The four designated stages inside the crowded stadium complex in the heart of the busy capital weren’t enough. So the poetry lovers also took to the footpaths and the spaces in between, turning them into impromptu open-mic platforms for India’s embattled language of love.
In one corner of the festival grounds, which had been draped in vibrant colors and calligraphy, a group of university students alternated between singing popular romantic songs, backed by a young man on guitar, and jostling to recite verses of their own.
“In your love,” one young poet began, leaning into the huddle with confidence, before forgetting the rest of his verse. “In your love ….” he repeated, unable to recall.

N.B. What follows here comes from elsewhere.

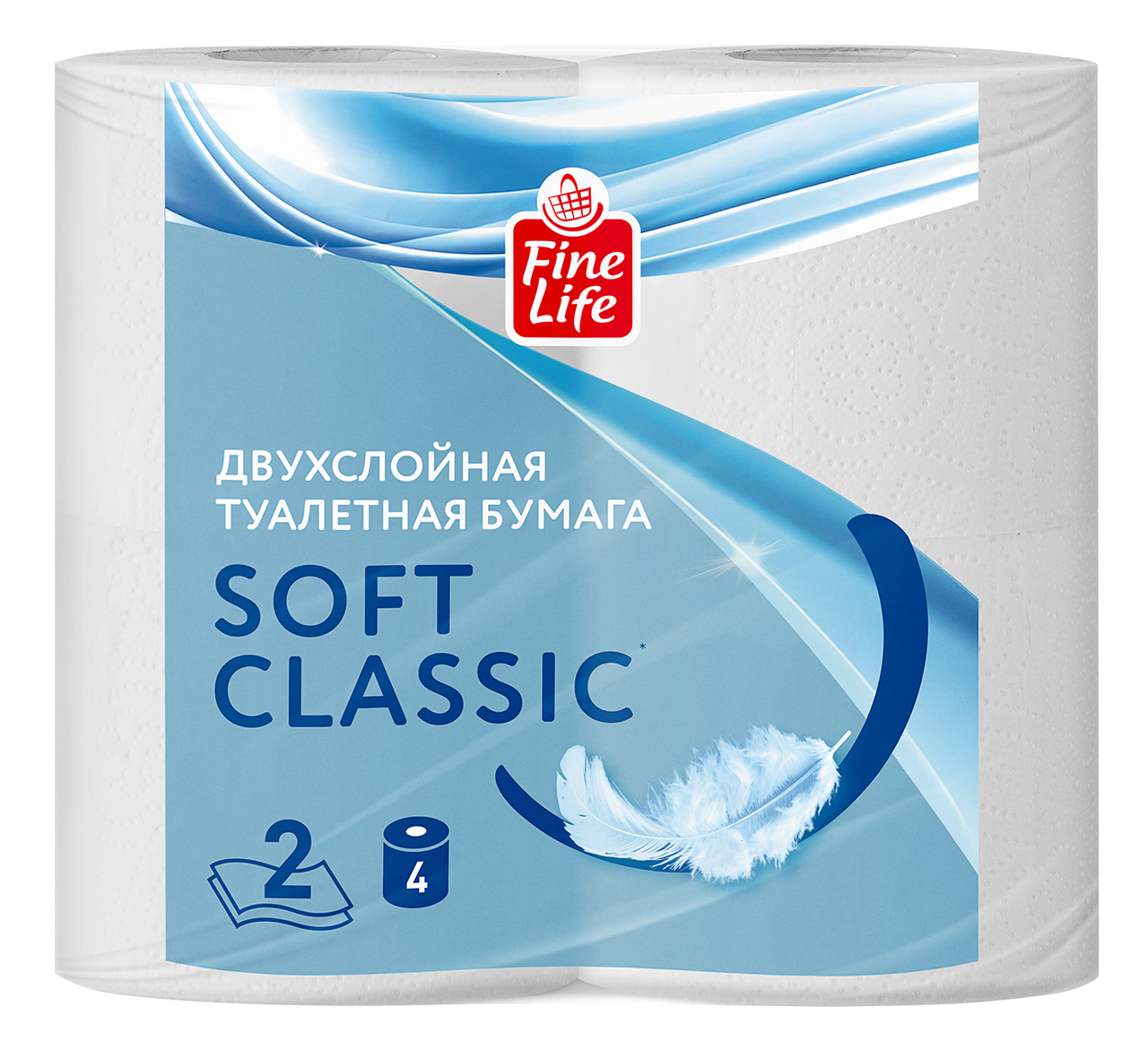 Fine Life Бумага туалетная Soft Classic белая двуслойная 4 рулона

“Don’t worry,” someone from the crowd encouraged him, as the others chuckled. “In love, we all forget.”
In another corner, Pradeep Sahil, a poet and lyricist, handed his phone to a friend to record him as he placed a red chair at a busy spot and took a seat, crossing his legs and reading poem after poem. A crowd soon gathered, cheering after every verse. With no room on the main stage, Mr. Sahil had found a stage of his own, climbing atop his chair and reciting what felt like his entire book.

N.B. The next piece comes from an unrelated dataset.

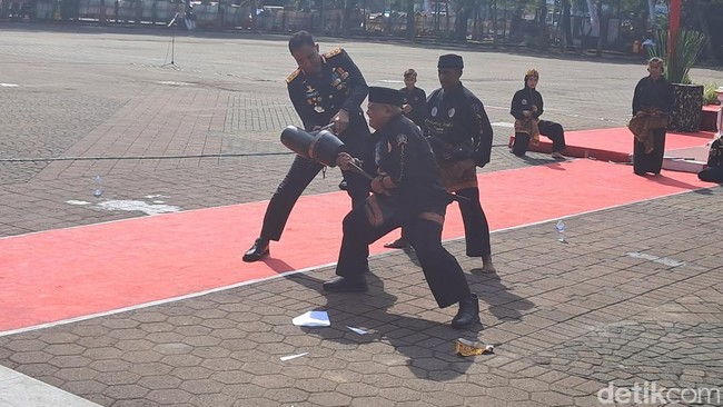 Polda Banten menggelar peringatan Hari Bhayangkara ke-79. Kapolda Banten Irjen Suyudi Ario Seto pun sempat menyanyi hingga menampilkan debus.

That more than 300,000 people came to celebrate Urdu poetry during the three-day festival this month in New Delhi was testament to the peculiar reality of the language in India.
For centuries, Urdu was a prominent language of culture and poetry in India, at times promoted by Mughal rulers. Its literature and journalism — often advanced by writers who rebelled against religious dogma — played important roles in the country’s independence struggle against British colonial rule and in the spread of socialist fervor across the subcontinent later in the 20th century.